Dans son édito du 18 octobre Paul Sugy, journaliste au Figaro, revient sur le discours d'Emmanuel Macron du 17 octobre dans lequel le chef de l'État a recconu «des crimes inexcusables de la République »; envers les manifestants algériens tués le 17 octobre 1961.

De toute évidence, parler de « crime pour la République » est inapproprié ici.

Mais commençons d’abord par le plus évident, même si cela va mieux en le disant : la répression des manifestations du 17 octobre 1961, il y a 60 ans, est une honte.

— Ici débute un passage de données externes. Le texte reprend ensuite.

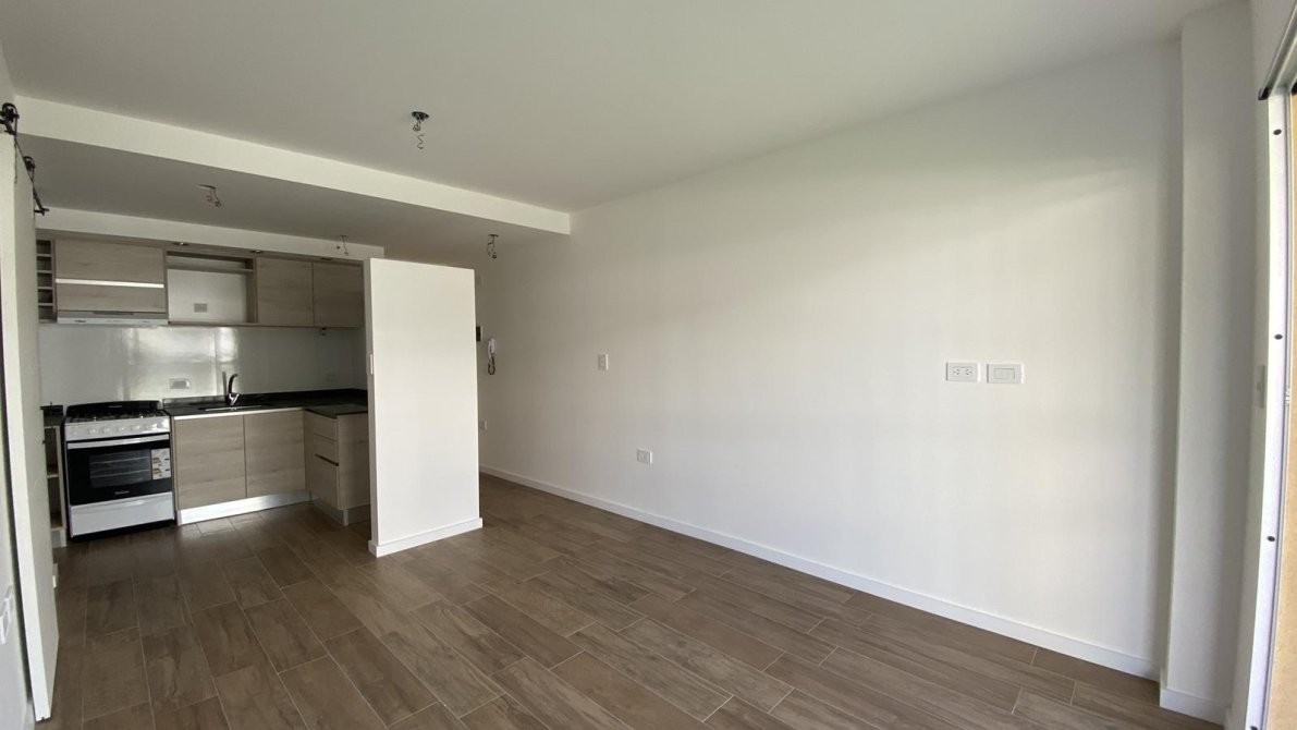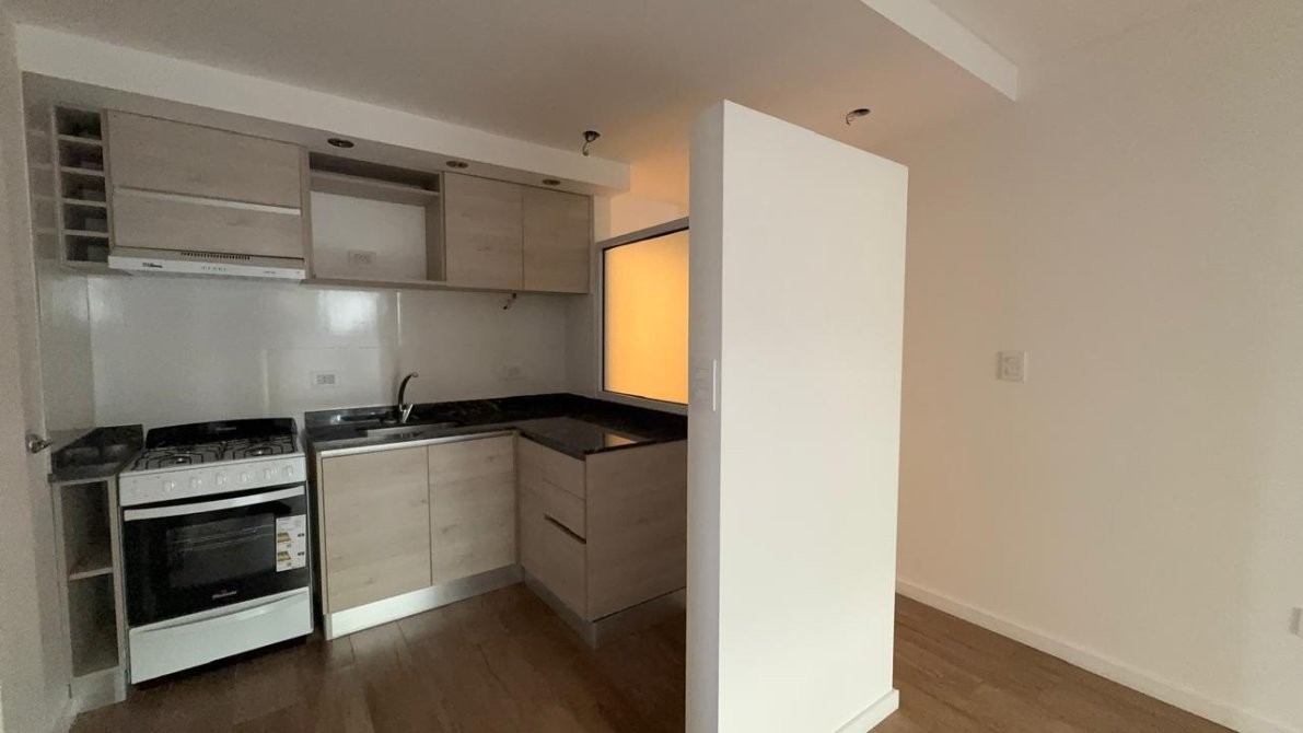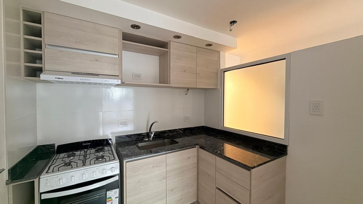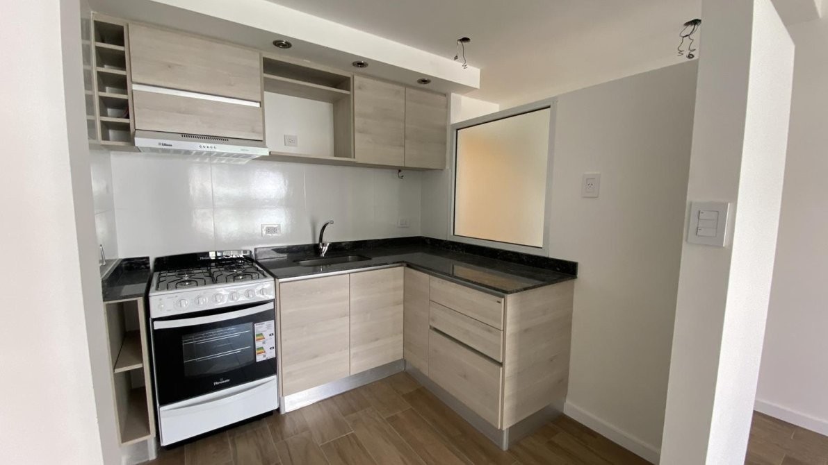 La cocina totalmente amobladas con bajo mesada y alacenas de primera calidad, cocina a gas Longvie, luminarias, pisos de porcelanato simil madera entablonados, aberturas de aluminio de altas prestaciones. paredes enlucidas en yeso.

La mort de dizaines de manifestants, tués par la police le soir même des faits ou surtout, tués le lendemain alors qu’une dizaine de milliers d’entre eux a été interpellée puis traitée dans des conditions indignes, est un drame qui aurait pu, qui aurait dû être évité.

Mais cela, c’est une vérité qui ne fait pas débat. À ma connaissance, personne en France ne dit le contraire ! Je ne sache pas que telle formation politique ou telle école d’historiens dise « cette répression était inévitable, c’était une bonne chose, ils n’ont eu que ce qu’ils méritaient… »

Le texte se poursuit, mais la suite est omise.